** Information shown follows **

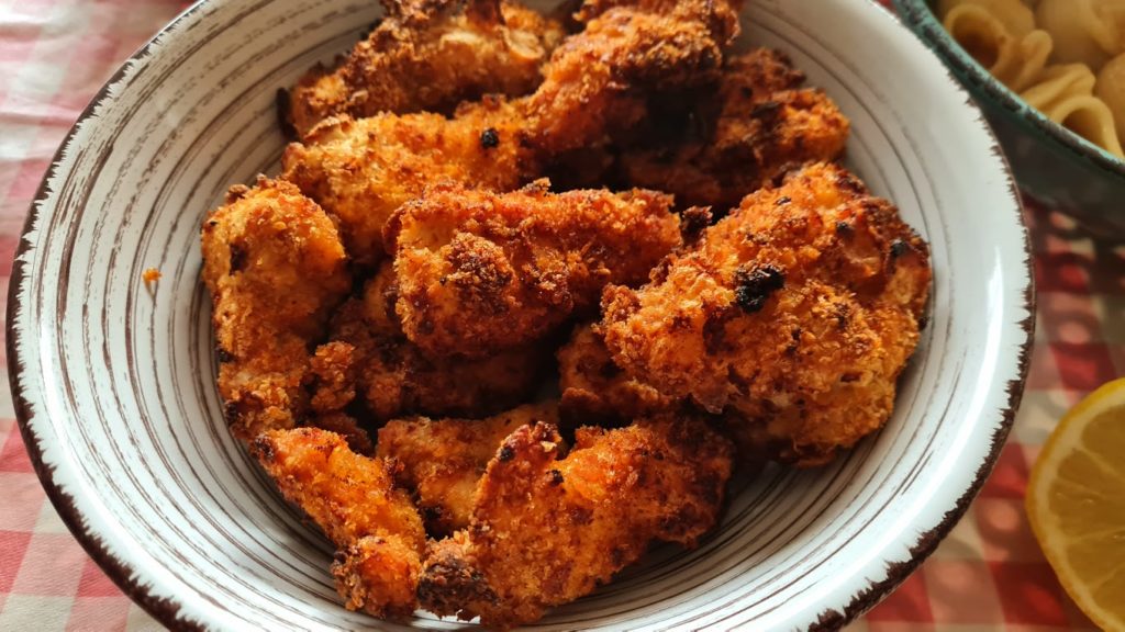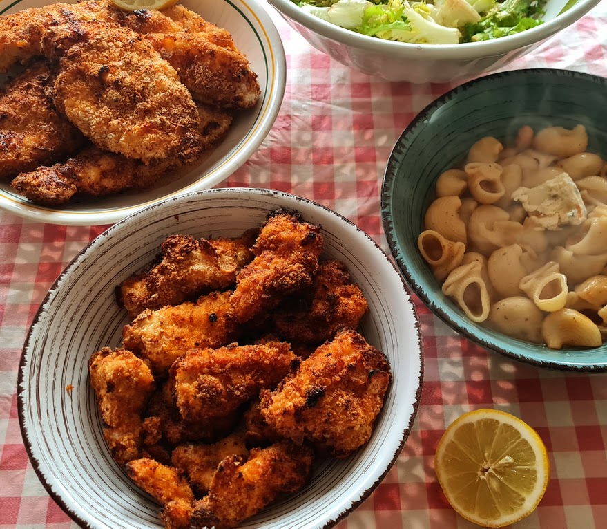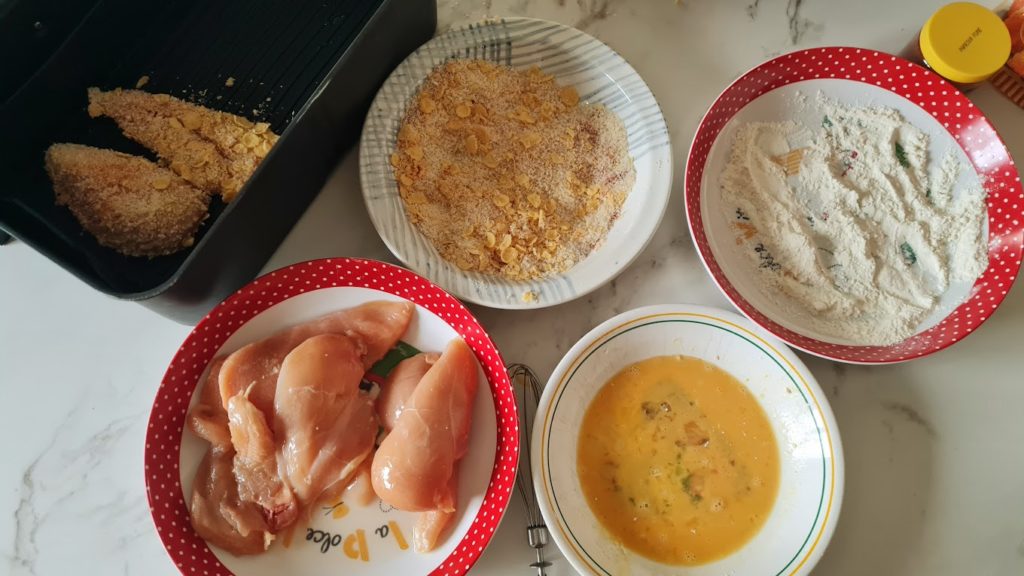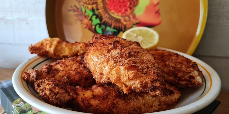 Il faut que je vous confesse, depuis que ma cuisine s’est enrichie d’un l’air fryer, je cuisine différemment. Je fais de l’assemblage, plus de batchcooking. Je cuisine à l’instant T. En une demi-heure le repas est préparé et cuit dans un délai encore plus bref. A la maison on rêvait de poulet pané… Exit la friture, le croustillant est là, l’intérieur du filet de poulet est tendre sans friture !!! Je referai la recette en variant les épices. Voici donc une recette gourmande à souhait !
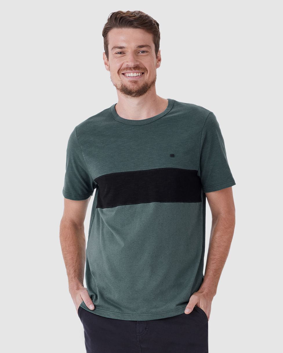 Camiseta Masculina Regular Detalhe Estampa Bicolor Em Malha Flamê Verde - G
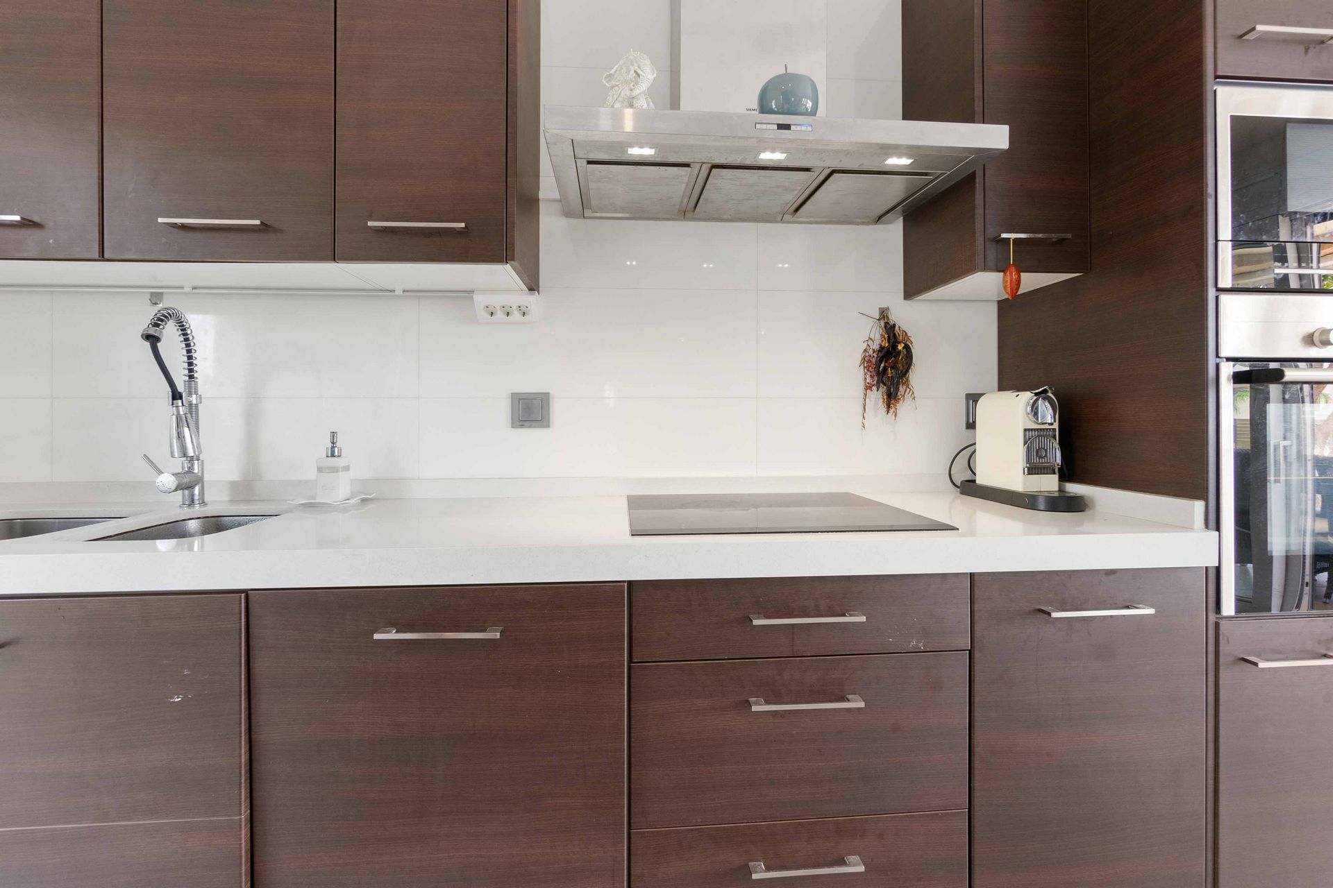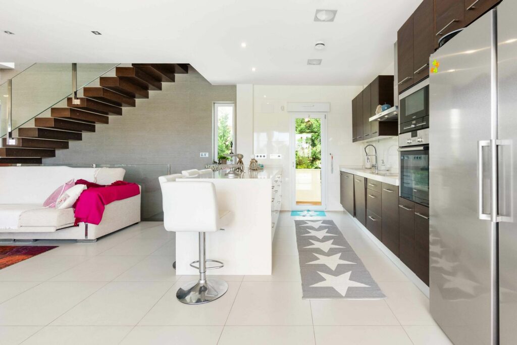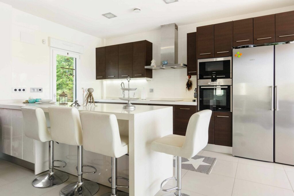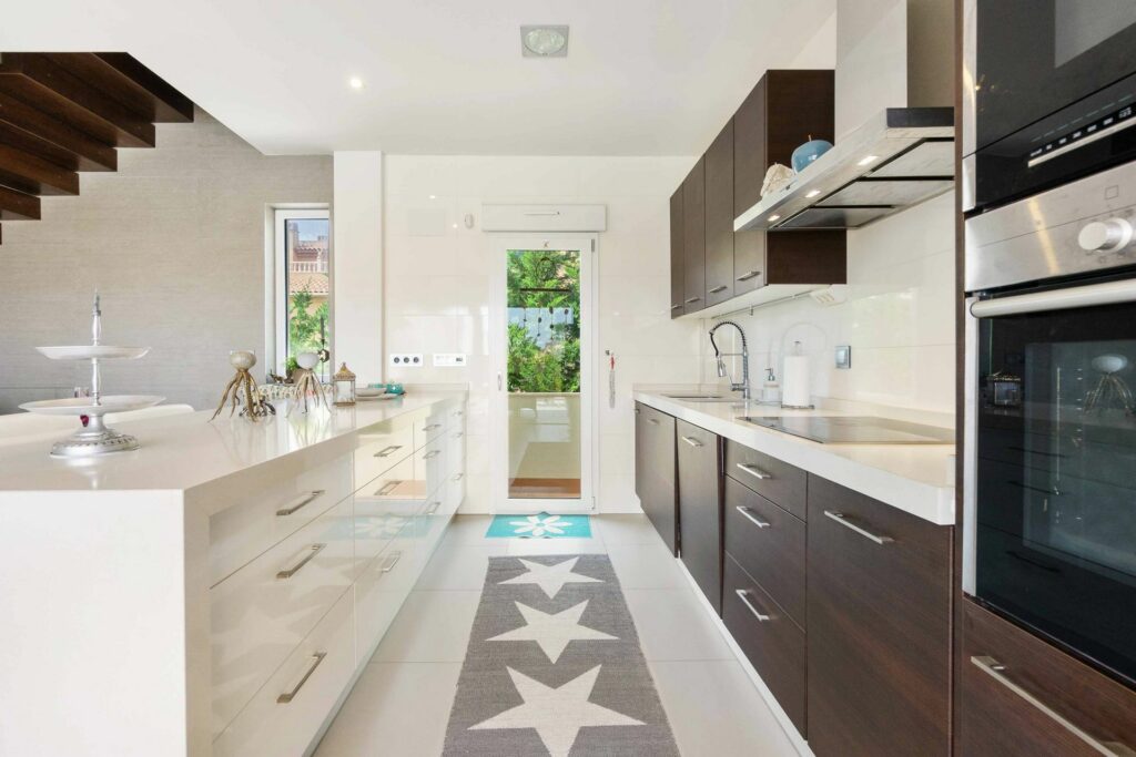 Moderne kjøkken med integrerte hvitevarer og god plass til matlaging.

** End of Information shown **

Without the images, print all of the lines above exactly.

Answer:
 Il faut que je vous confesse, depuis que ma cuisine s’est enrichie d’un l’air fryer, je cuisine différemment. Je fais de l’assemblage, plus de batchcooking. Je cuisine à l’instant T. En une demi-heure le repas est préparé et cuit dans un délai encore plus bref. A la maison on rêvait de poulet pané… Exit la friture, le croustillant est là, l’intérieur du filet de poulet est tendre sans friture !!! Je referai la recette en variant les épices. Voici donc une recette gourmande à souhait !
 Camiseta Masculina Regular Detalhe Estampa Bicolor Em Malha Flamê Verde - G
 Moderne kjøkken med integrerte hvitevarer og god plass til matlaging.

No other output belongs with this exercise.